§ The task: What follows is a set of entries. Give them again exactly, without the pictures.

Items from a dataset
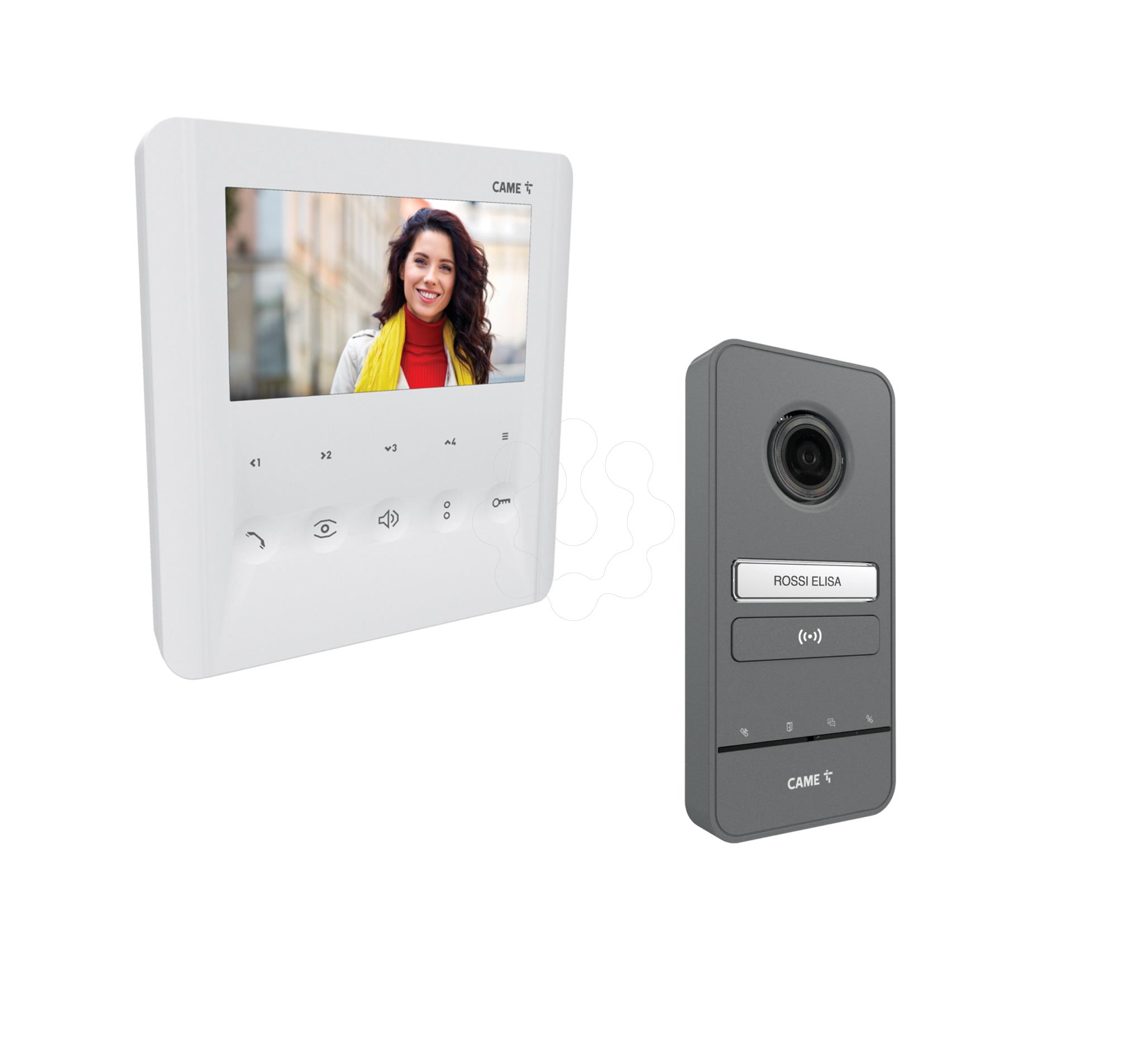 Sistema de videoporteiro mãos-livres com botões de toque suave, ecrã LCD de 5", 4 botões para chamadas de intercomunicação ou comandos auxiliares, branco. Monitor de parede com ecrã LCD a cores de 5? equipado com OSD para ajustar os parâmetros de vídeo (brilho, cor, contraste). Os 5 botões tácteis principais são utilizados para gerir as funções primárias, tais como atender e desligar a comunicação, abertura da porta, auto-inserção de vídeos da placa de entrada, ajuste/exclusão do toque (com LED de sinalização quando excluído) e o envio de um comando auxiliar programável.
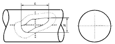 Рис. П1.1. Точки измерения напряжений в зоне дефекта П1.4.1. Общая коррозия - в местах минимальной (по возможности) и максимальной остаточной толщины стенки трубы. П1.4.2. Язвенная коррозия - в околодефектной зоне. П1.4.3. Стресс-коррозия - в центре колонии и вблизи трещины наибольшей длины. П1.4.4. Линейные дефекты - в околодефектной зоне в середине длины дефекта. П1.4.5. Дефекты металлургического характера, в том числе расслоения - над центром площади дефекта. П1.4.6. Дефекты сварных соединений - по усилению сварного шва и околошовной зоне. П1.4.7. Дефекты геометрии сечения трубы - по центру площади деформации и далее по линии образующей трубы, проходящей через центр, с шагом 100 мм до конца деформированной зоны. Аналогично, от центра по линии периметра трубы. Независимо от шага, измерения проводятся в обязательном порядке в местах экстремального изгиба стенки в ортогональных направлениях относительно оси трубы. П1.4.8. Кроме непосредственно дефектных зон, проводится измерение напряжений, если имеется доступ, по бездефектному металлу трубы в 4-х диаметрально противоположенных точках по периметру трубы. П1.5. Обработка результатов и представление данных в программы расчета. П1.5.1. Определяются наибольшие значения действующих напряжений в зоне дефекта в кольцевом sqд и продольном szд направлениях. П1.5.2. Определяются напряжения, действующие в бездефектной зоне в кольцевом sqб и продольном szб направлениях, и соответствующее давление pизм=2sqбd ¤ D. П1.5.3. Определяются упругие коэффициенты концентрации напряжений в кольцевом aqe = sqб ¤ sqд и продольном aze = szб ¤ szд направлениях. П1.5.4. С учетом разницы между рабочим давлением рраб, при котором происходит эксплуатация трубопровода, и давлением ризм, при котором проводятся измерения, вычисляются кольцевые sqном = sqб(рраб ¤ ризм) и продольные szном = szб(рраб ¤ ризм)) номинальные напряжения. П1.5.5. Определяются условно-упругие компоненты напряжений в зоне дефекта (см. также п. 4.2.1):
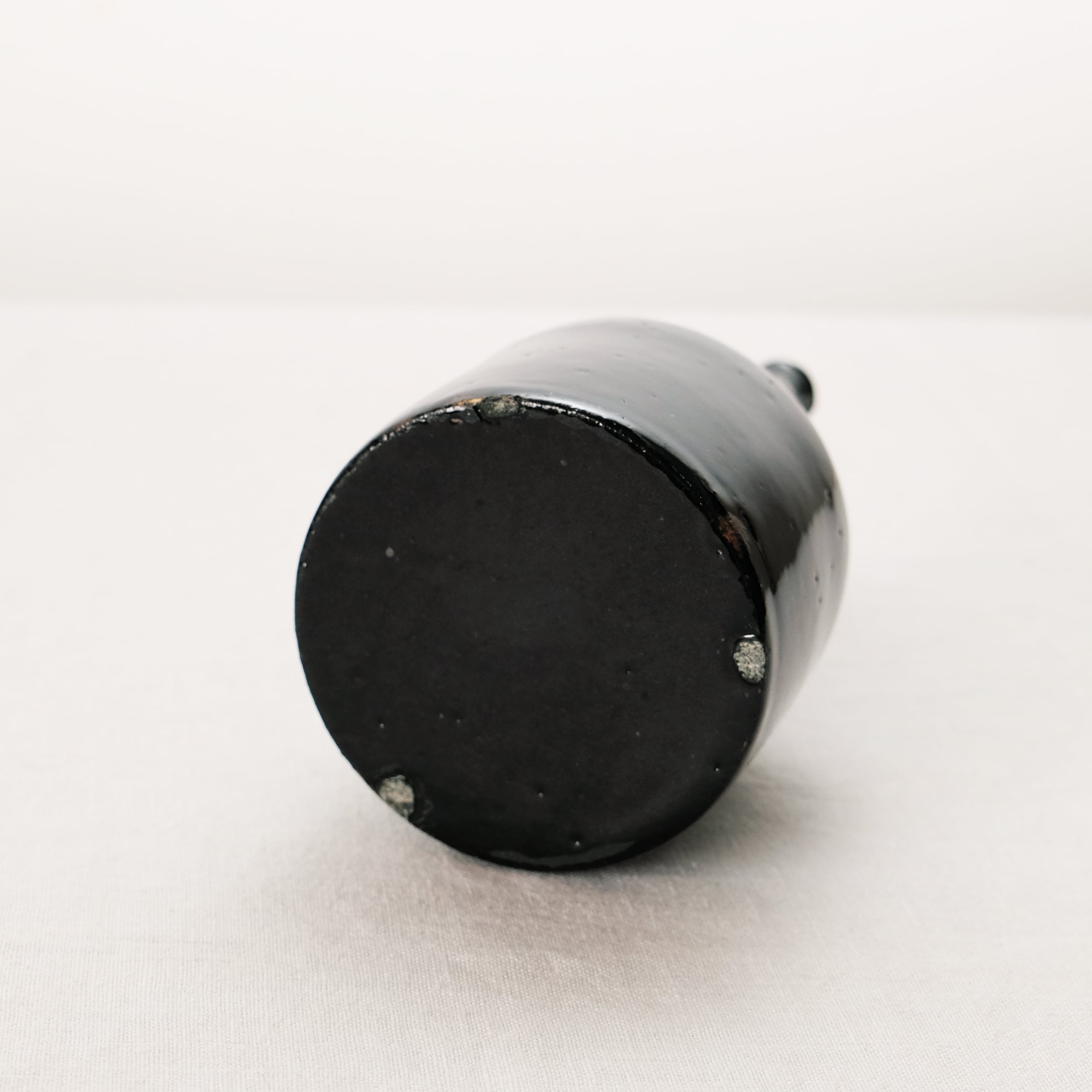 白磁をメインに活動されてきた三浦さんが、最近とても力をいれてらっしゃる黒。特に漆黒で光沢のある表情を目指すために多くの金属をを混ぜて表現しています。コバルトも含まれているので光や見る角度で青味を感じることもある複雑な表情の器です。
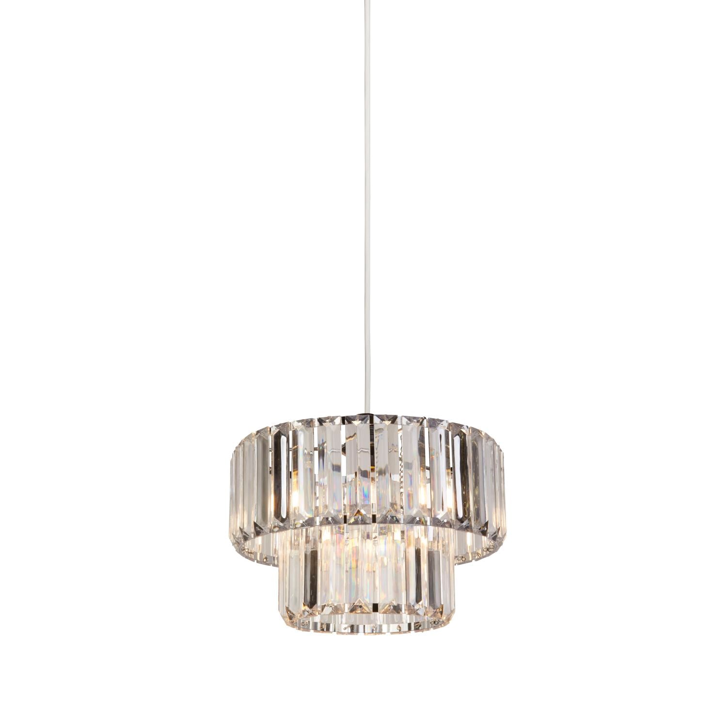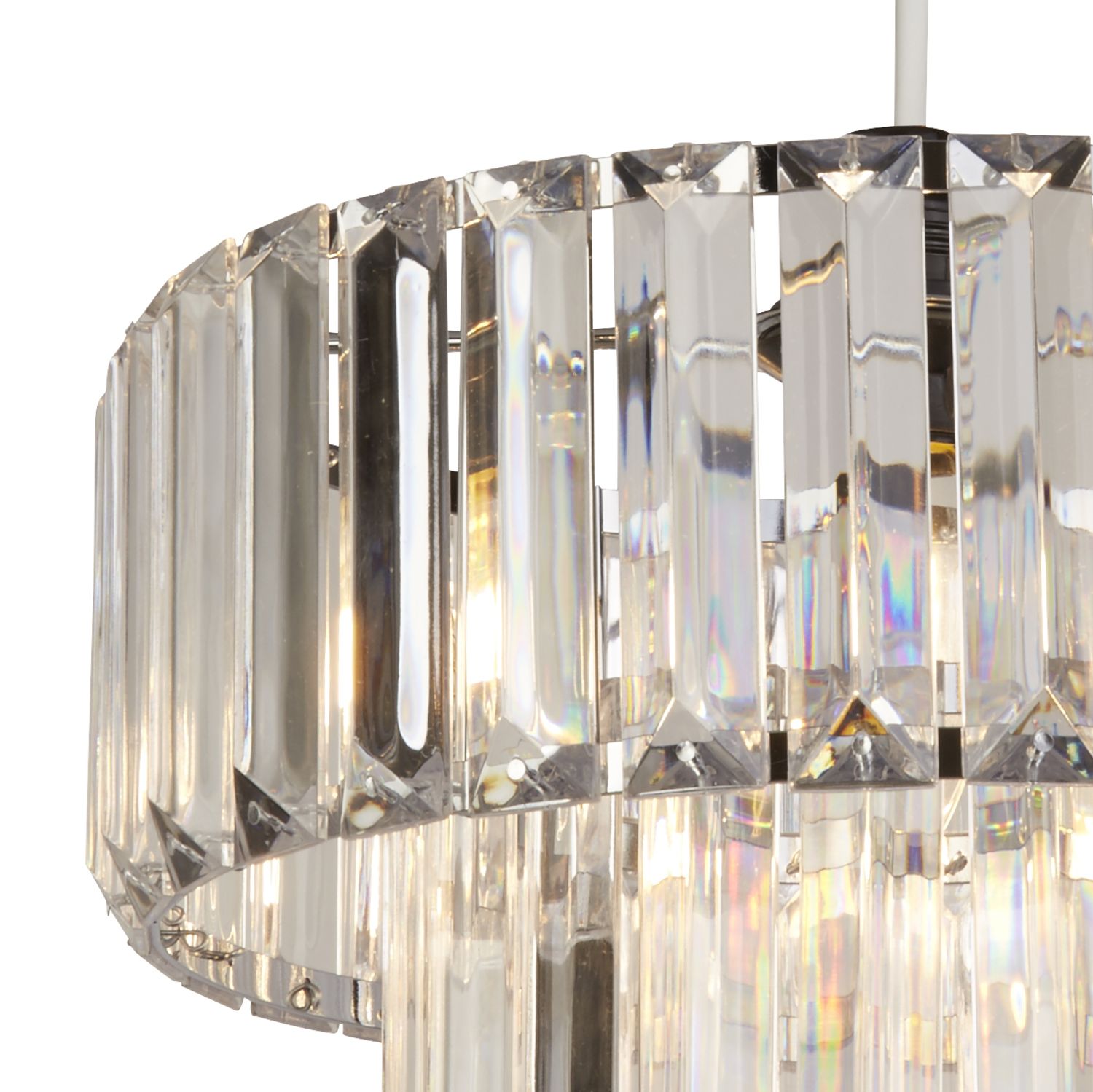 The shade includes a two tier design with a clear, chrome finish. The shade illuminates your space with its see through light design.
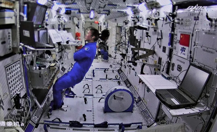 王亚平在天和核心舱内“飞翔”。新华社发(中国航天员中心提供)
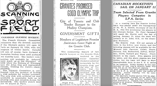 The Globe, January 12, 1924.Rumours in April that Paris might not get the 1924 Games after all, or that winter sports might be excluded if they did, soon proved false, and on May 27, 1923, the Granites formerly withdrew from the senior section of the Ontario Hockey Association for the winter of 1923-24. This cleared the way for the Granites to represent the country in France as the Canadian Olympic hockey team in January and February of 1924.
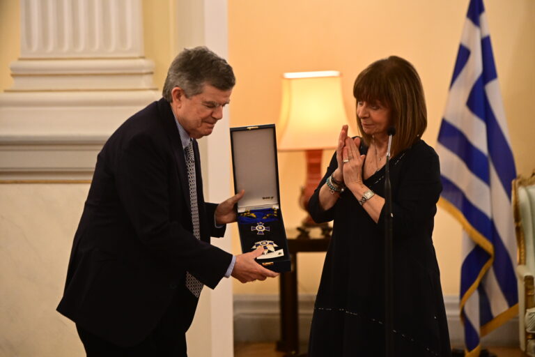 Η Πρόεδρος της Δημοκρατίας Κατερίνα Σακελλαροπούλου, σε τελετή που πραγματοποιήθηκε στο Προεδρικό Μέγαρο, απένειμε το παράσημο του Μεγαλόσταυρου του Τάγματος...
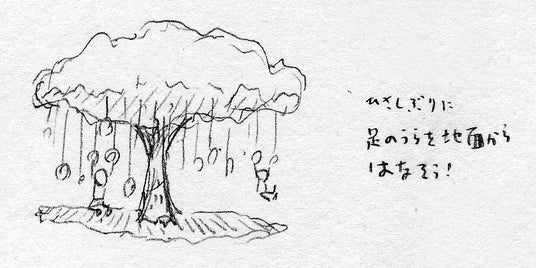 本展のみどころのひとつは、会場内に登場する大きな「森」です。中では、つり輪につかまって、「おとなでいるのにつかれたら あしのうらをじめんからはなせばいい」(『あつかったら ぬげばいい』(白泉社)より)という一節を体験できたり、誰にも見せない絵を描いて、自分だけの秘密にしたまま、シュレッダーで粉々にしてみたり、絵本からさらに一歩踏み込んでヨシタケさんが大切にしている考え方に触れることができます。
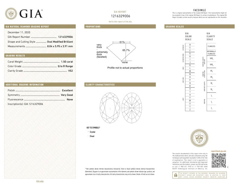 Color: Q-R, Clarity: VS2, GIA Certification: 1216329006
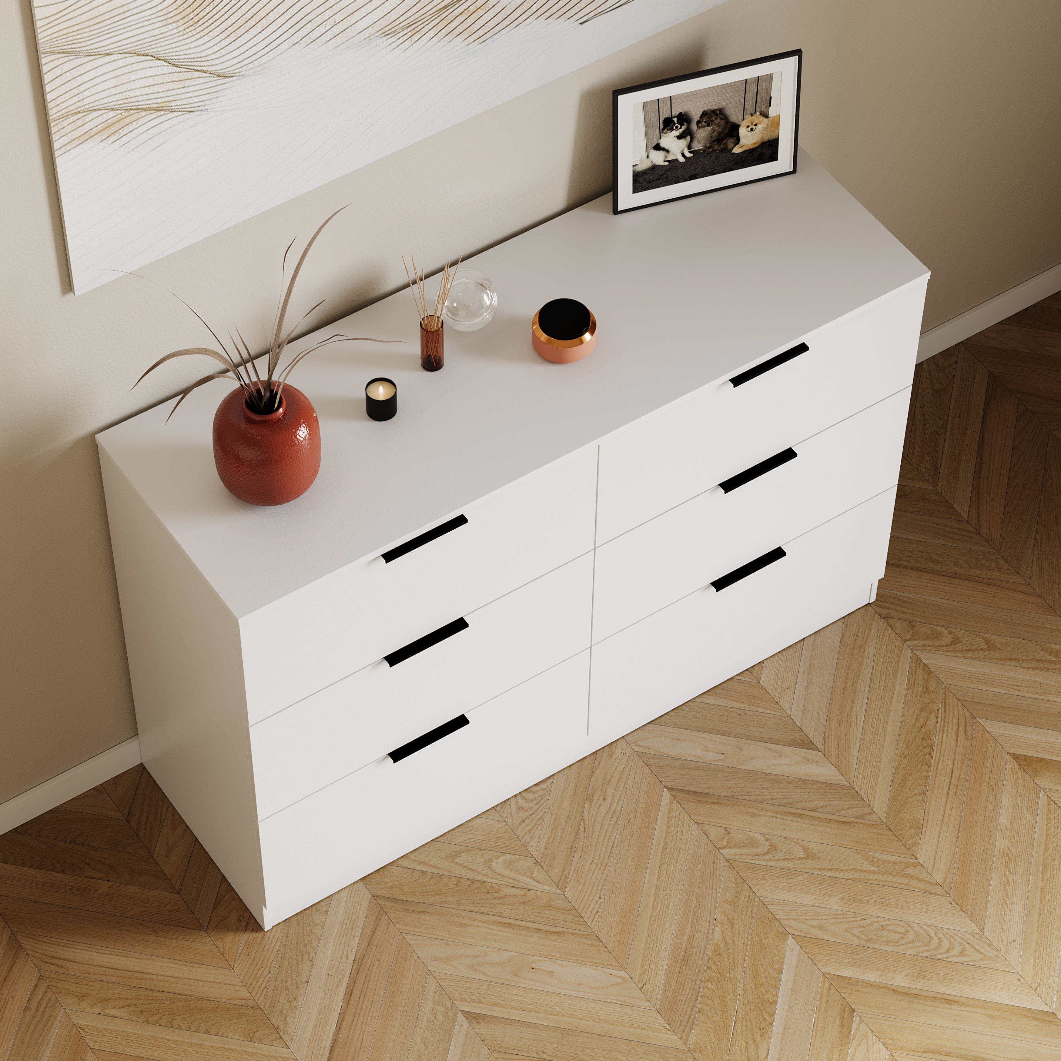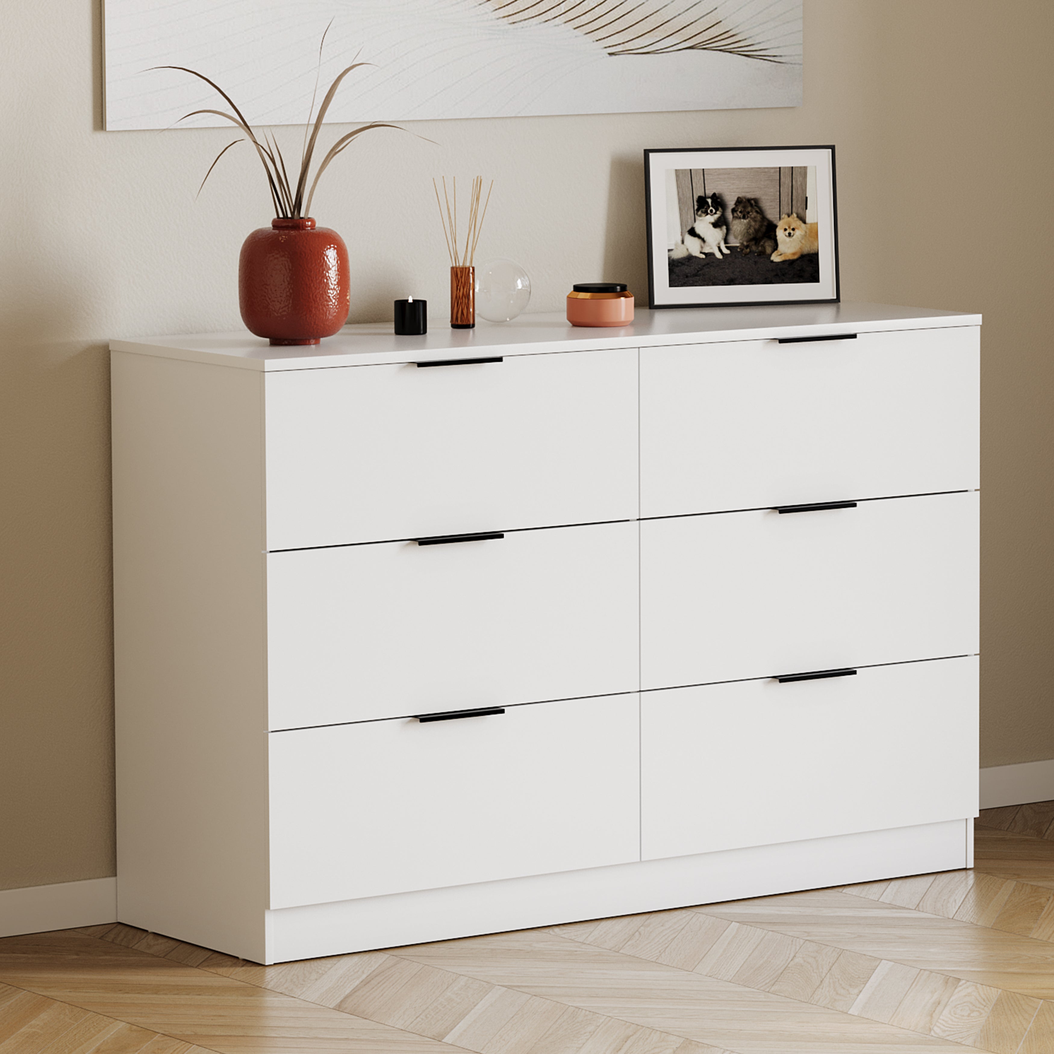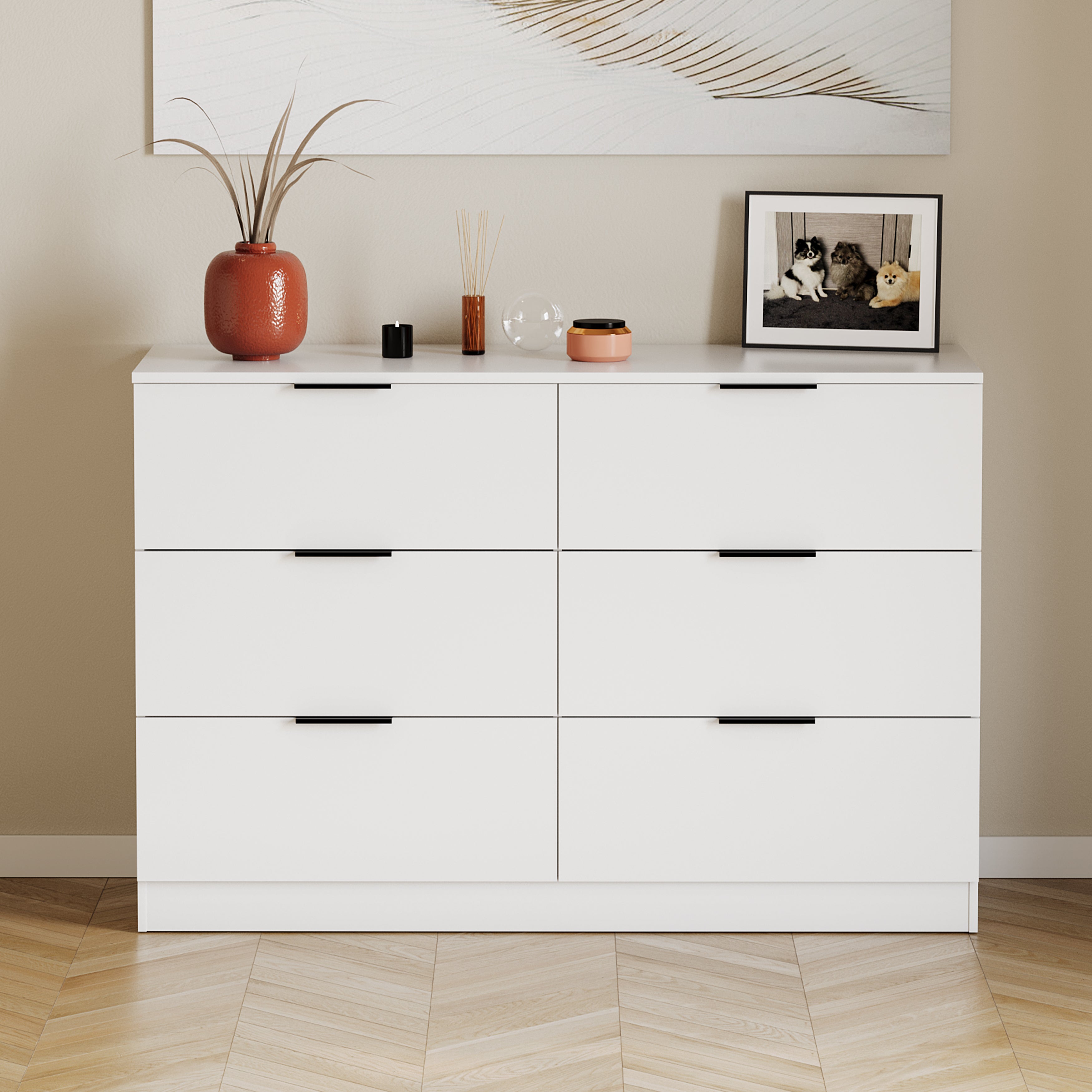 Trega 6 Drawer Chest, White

§ Response:
 Sistema de videoporteiro mãos-livres com botões de toque suave, ecrã LCD de 5", 4 botões para chamadas de intercomunicação ou comandos auxiliares, branco. Monitor de parede com ecrã LCD a cores de 5? equipado com OSD para ajustar os parâmetros de vídeo (brilho, cor, contraste). Os 5 botões tácteis principais são utilizados para gerir as funções primárias, tais como atender e desligar a comunicação, abertura da porta, auto-inserção de vídeos da placa de entrada, ajuste/exclusão do toque (com LED de sinalização quando excluído) e o envio de um comando auxiliar programável.
 Рис. П1.1. Точки измерения напряжений в зоне дефекта П1.4.1. Общая коррозия - в местах минимальной (по возможности) и максимальной остаточной толщины стенки трубы. П1.4.2. Язвенная коррозия - в околодефектной зоне. П1.4.3. Стресс-коррозия - в центре колонии и вблизи трещины наибольшей длины. П1.4.4. Линейные дефекты - в околодефектной зоне в середине длины дефекта. П1.4.5. Дефекты металлургического характера, в том числе расслоения - над центром площади дефекта. П1.4.6. Дефекты сварных соединений - по усилению сварного шва и околошовной зоне. П1.4.7. Дефекты геометрии сечения трубы - по центру площади деформации и далее по линии образующей трубы, проходящей через центр, с шагом 100 мм до конца деформированной зоны. Аналогично, от центра по линии периметра трубы. Независимо от шага, измерения проводятся в обязательном порядке в местах экстремального изгиба стенки в ортогональных направлениях относительно оси трубы. П1.4.8. Кроме непосредственно дефектных зон, проводится измерение напряжений, если имеется доступ, по бездефектному металлу трубы в 4-х диаметрально противоположенных точках по периметру трубы. П1.5. Обработка результатов и представление данных в программы расчета. П1.5.1. Определяются наибольшие значения действующих напряжений в зоне дефекта в кольцевом sqд и продольном szд направлениях. П1.5.2. Определяются напряжения, действующие в бездефектной зоне в кольцевом sqб и продольном szб направлениях, и соответствующее давление pизм=2sqбd ¤ D. П1.5.3. Определяются упругие коэффициенты концентрации напряжений в кольцевом aqe = sqб ¤ sqд и продольном aze = szб ¤ szд направлениях. П1.5.4. С учетом разницы между рабочим давлением рраб, при котором происходит эксплуатация трубопровода, и давлением ризм, при котором проводятся измерения, вычисляются кольцевые sqном = sqб(рраб ¤ ризм) и продольные szном = szб(рраб ¤ ризм)) номинальные напряжения. П1.5.5. Определяются условно-упругие компоненты напряжений в зоне дефекта (см. также п. 4.2.1):
 白磁をメインに活動されてきた三浦さんが、最近とても力をいれてらっしゃる黒。特に漆黒で光沢のある表情を目指すために多くの金属をを混ぜて表現しています。コバルトも含まれているので光や見る角度で青味を感じることもある複雑な表情の器です。
 The shade includes a two tier design with a clear, chrome finish. The shade illuminates your space with its see through light design.
 王亚平在天和核心舱内“飞翔”。新华社发(中国航天员中心提供)
 The Globe, January 12, 1924.Rumours in April that Paris might not get the 1924 Games after all, or that winter sports might be excluded if they did, soon proved false, and on May 27, 1923, the Granites formerly withdrew from the senior section of the Ontario Hockey Association for the winter of 1923-24. This cleared the way for the Granites to represent the country in France as the Canadian Olympic hockey team in January and February of 1924.
 Η Πρόεδρος της Δημοκρατίας Κατερίνα Σακελλαροπούλου, σε τελετή που πραγματοποιήθηκε στο Προεδρικό Μέγαρο, απένειμε το παράσημο του Μεγαλόσταυρου του Τάγματος...
 本展のみどころのひとつは、会場内に登場する大きな「森」です。中では、つり輪につかまって、「おとなでいるのにつかれたら あしのうらをじめんからはなせばいい」(『あつかったら ぬげばいい』(白泉社)より)という一節を体験できたり、誰にも見せない絵を描いて、自分だけの秘密にしたまま、シュレッダーで粉々にしてみたり、絵本からさらに一歩踏み込んでヨシタケさんが大切にしている考え方に触れることができます。
 Color: Q-R, Clarity: VS2, GIA Certification: 1216329006
 Trega 6 Drawer Chest, White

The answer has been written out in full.